Normally a stagecoach was pulled by what was known as a 6-up hitch. Less common was a 4-up or four horses. The wheel team on a 6-up, those at the rear of the team, were the largest, strongest of the six. A complimentary nickname for a large, powerful man was ‘wheel horse.’ The wheelers started the coach moving. The swing team, the middle team, were smaller than the wheelers, but likewise well-trained. The lead team, also smaller than the wheelers, were the least well-trained of the hitch. They could look thru a collar & they reined fairly well, but otherwise they could be a mite flighty. The better-trained & larger wheelers & the better-trained swing horses held them in check.
During the 1850s the “Jackass Mail.” was a stage line from San Antonio to San Diego that used mules exclusively.
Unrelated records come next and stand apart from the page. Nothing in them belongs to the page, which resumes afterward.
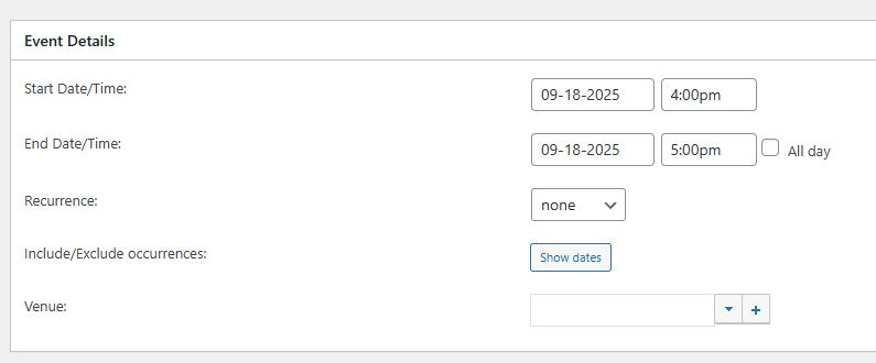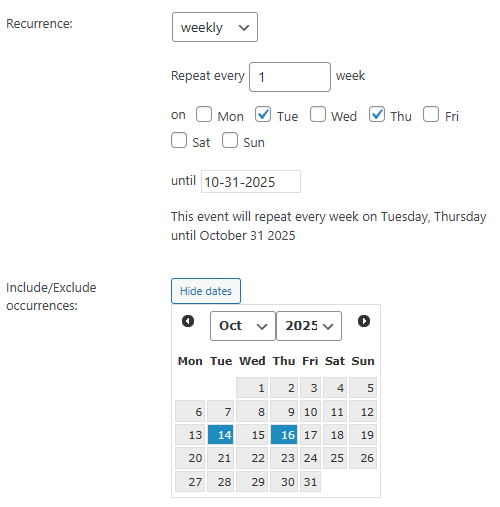 When using recurrences, it is important to note that the event as it is specified will be repeated. So, if the start & end span multiple days, then each repeat will also span multiple days. Usually this won’t be an issue, but it’s important to watch out for when doing daily or day of week based events.
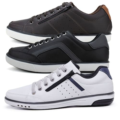 Kit 3 Sapatênis Masculino Com Fechamento Elástico e Zíper - 37 - Marrom
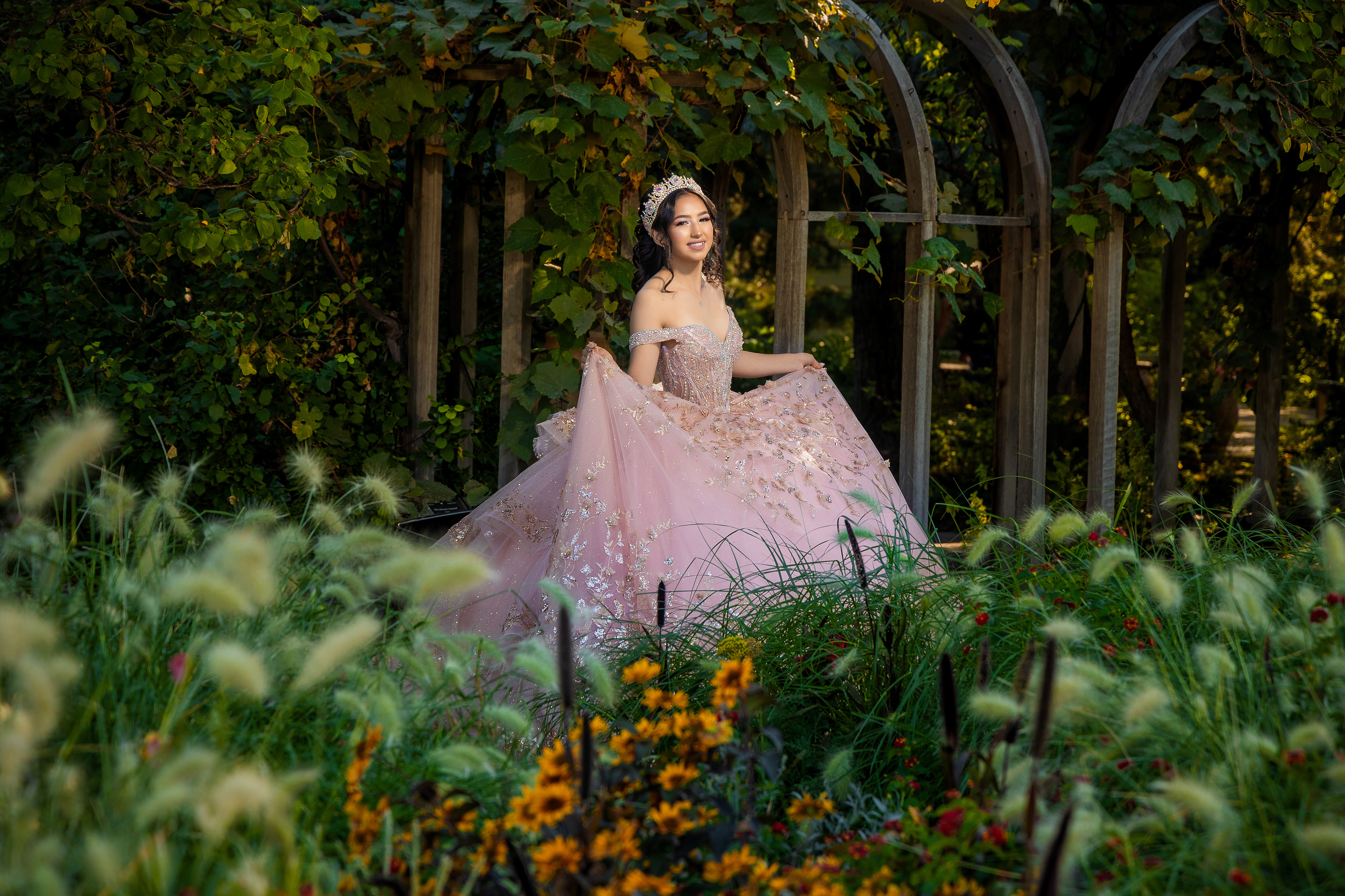 - Quinceañera in a blush pink dress posing inside a garden arch at Denver Botanic Gardens surrounded by lush greenery and flowers
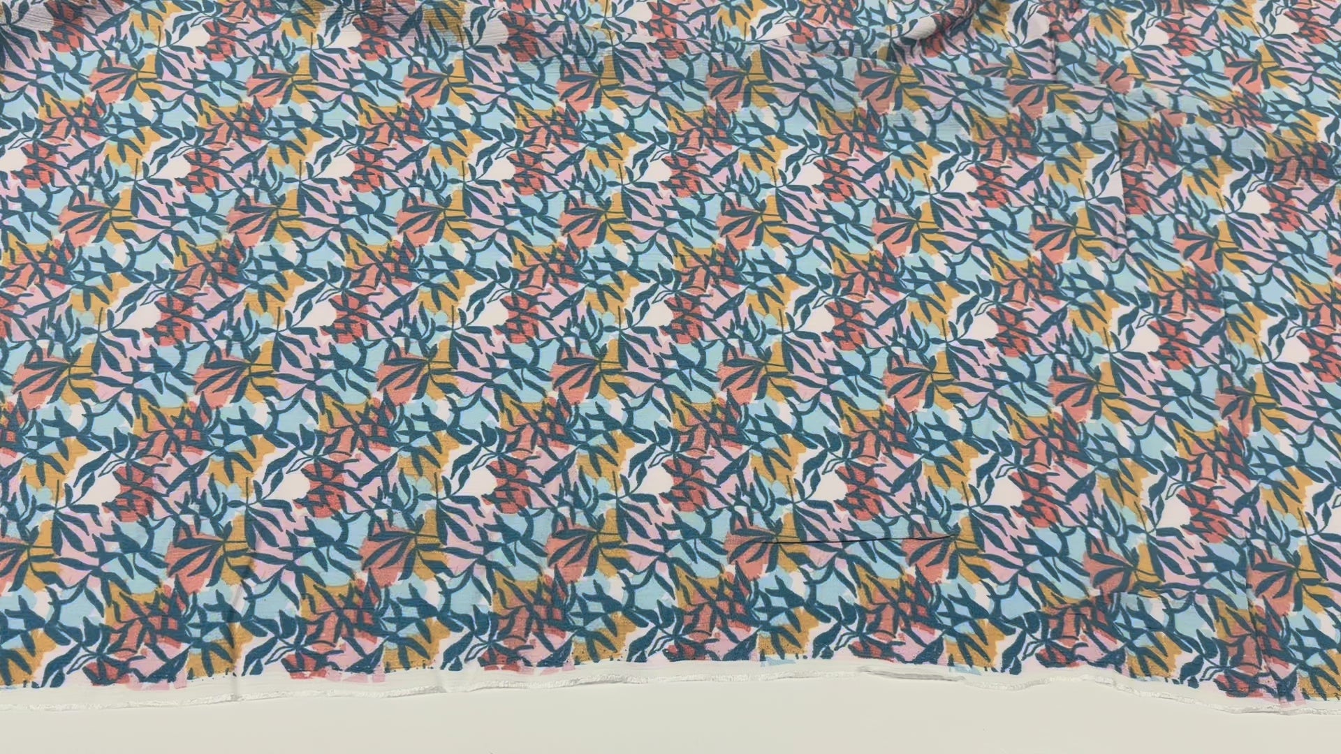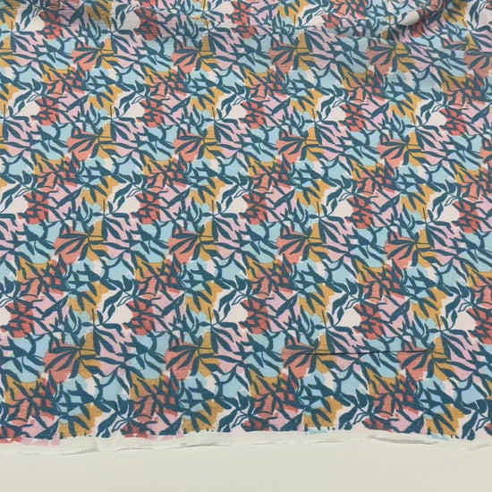 Ein weicher, fließender Viskosestoff mit modernem Blätterprint in harmonischen Farbtönen: Blau, Rosé, Senfgelb und Off-White. Das Muster wirkt lebendig, leicht und perfekt für frische Sommer- und Frühlingslooks.
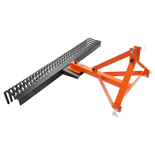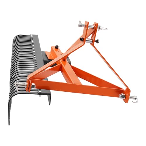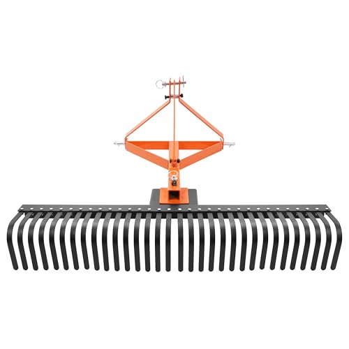 Compatibility: This 60-inch landscape rake is designed for Category 1, 3-point hitch tractors, making it compatible with a wide range of compact tractors. Ideal for industrial, construction, and agricultural applications, it excels at leveling land, clearing hay, mowing lawns, and various other tasks around the farm or property

There was a stretch of sand dunes west of Yuma where the passengers had to ride mules.
There were actually three types of coaches–the regular Abbott & Downing Concord were the most common. Sometimes they actually had glass windows & usually had kerosene lamps on the outside. This was a very heavy coach & required at least a 6-up hitch.
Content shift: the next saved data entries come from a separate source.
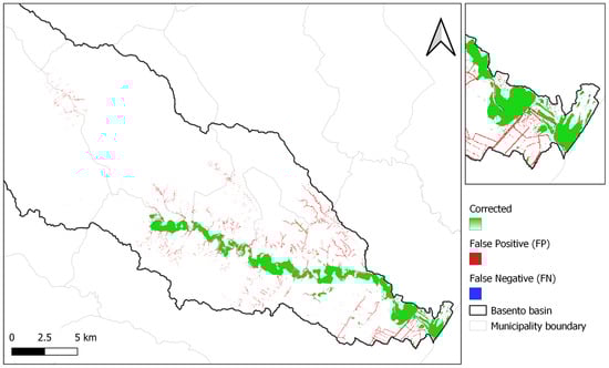As shown in Figure 6, which was related to flood-prone areas, the model correctly classified many areas of the basin. Only a small number of areas were classified as either false-positive (0.06%) or false-negative (1.24%) flood-prone areas. This observation further reinforced the earlier discussion, confirming that the model exhibited excellent performance in accurately classifying flood-prone areas. Figure 7 shows the results obtained for landslide areas and, similarly, the model correctly classified the landslide areas. Only a few cases were false-positive (2.07%) and false-negative (6.48%) landslide areas, both in the upstream and downstream zones of the basin, following the recall and accuracy results obtained.
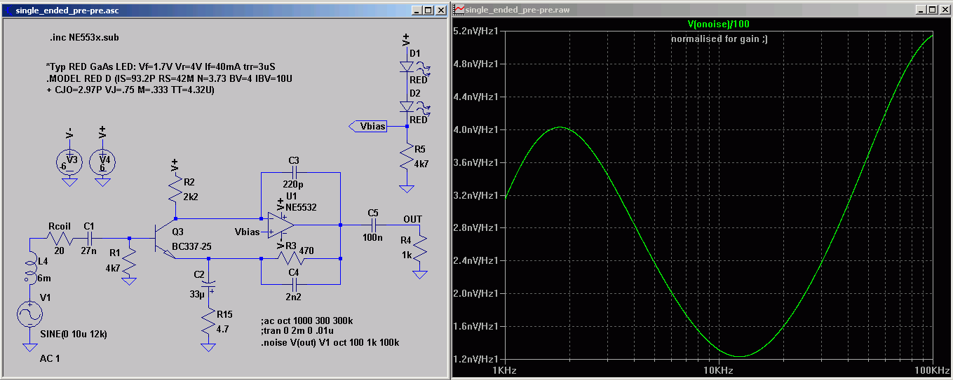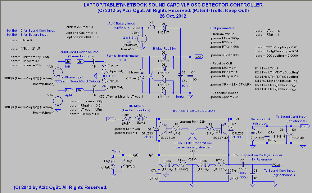 ) or using a low voltage battery (3 V or whatever you like). No amplifier required by using a high inductivity RX resonant coil (resonance frequency nearby the TX frequency). Set TX frequency whatever you prefer and adjust the RX frequency for your configuration.
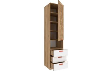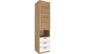 • За распашной рамочной дверью с филенкой брашированной пленкой ПВХ 4 полки. • Расстояние между полками варьируется от 250 до 295 мм. • Под распашной дверью открытая ниша высотой 297 мм. • Внизу 3 ящика неполного выдвижения. Размеры фасадов ящиков 496х183 мм. • Максимальная нагрузка на полку – 15 кг. • Максимальная нагрузка на ящик – 15 кг. • Стеллаж крепится к стене с помощью угловой подвески. Подвеска в комплекте. • Крепление для подвески к стене приобретается дополнительно. • Сборка на правую или левую сторону. None
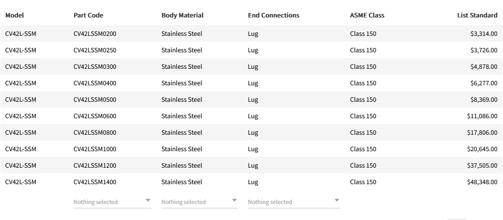 - Stainless Steel - ASTM A351 Gr. CF8M - Class 150

Author Gerald Ahnert writes Butterfield chose Abbot-Downing for his stages because of their suspension technology was best suited to the low relative humidity of the southwest. Their wheels were the only ones that wouldn’t fall apart.
The Celerity was much lighter built & often had a canvas roof & wooden sides. It would have leather side curtains rather than glass windows. The seats broke down so one could sleep. You could successfully operate a Celerity with a 4-up hitch, but they were built for speed so most often they used 6-up hitches. There were a lot more Celerity’s in the arid Southwest than Concords.
The 3rd type was the lightweight and less expensive Mud Wagons. This was an extremely lightly built coach with canvas sides & roof. There’s an example of a mud wagon in the Witte Museum in San Antonio. I believe it once belonged to the King ranch. Mud wagons had extremely wide wheels & iron tires & were used primarily in bad weather, when the mail absolutely had to go thru. A stage line with a U.S. Mail contract was required to move the mail a minimum of 15 miles a day regardless of weather or other problems. Repeated failure to move the mail 15 miles a day would result in a loss of the contract. That mail contract was the reason most stage lines existed. Passengers were a secondary concern. Moving the mail was the be-all & end-all for the major stage lines–the reason they could continue to exist. Without a government mail contract, unless the line was a small one serving only a few local towns, a stage line simply couldn’t stay in business.